Transcribe, word for word, every line from the one containing "ティアレラ₊❀̥୭ 先月upしたコはまっ白な花でしたがこのコはほんのりピンク❗💕 うなじが色っぽい🎶(〃ㅅ〃)♡" through the final line of the records, and omit the pictures.
GIVEN DATA section start
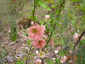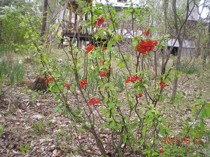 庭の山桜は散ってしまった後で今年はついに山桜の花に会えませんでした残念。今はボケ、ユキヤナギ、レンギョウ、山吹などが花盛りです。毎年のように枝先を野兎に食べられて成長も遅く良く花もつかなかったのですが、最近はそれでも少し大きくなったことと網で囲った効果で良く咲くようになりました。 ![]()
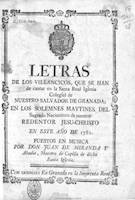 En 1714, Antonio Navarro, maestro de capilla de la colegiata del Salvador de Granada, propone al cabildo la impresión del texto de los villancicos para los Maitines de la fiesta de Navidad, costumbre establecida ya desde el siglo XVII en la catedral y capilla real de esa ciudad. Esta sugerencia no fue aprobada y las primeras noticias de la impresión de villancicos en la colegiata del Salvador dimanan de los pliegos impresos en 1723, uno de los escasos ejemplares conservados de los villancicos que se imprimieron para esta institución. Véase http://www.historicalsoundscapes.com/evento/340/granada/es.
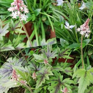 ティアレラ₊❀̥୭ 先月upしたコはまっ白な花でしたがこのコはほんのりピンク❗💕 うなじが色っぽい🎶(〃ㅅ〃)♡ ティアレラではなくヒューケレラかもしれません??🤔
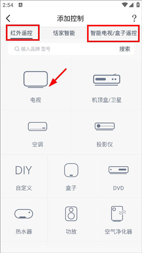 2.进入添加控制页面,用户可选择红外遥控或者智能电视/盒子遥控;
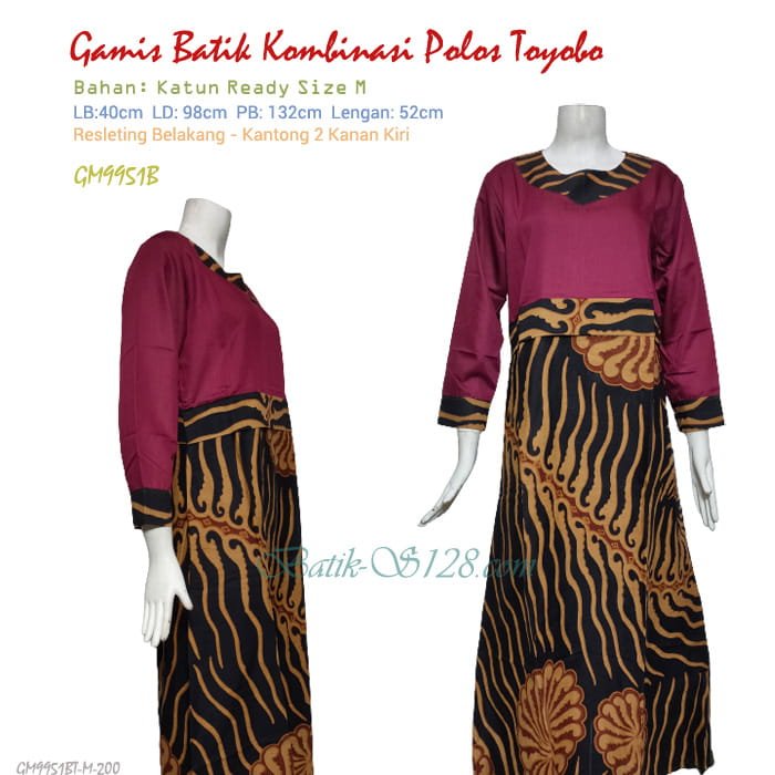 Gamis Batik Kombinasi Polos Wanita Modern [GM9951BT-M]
GIVEN DATA section end
COMPLETED EXERCISE:
 ティアレラ₊❀̥୭ 先月upしたコはまっ白な花でしたがこのコはほんのりピンク❗💕 うなじが色っぽい🎶(〃ㅅ〃)♡ ティアレラではなくヒューケレラかもしれません??🤔
 2.进入添加控制页面,用户可选择红外遥控或者智能电视/盒子遥控;
 Gamis Batik Kombinasi Polos Wanita Modern [GM9951BT-M]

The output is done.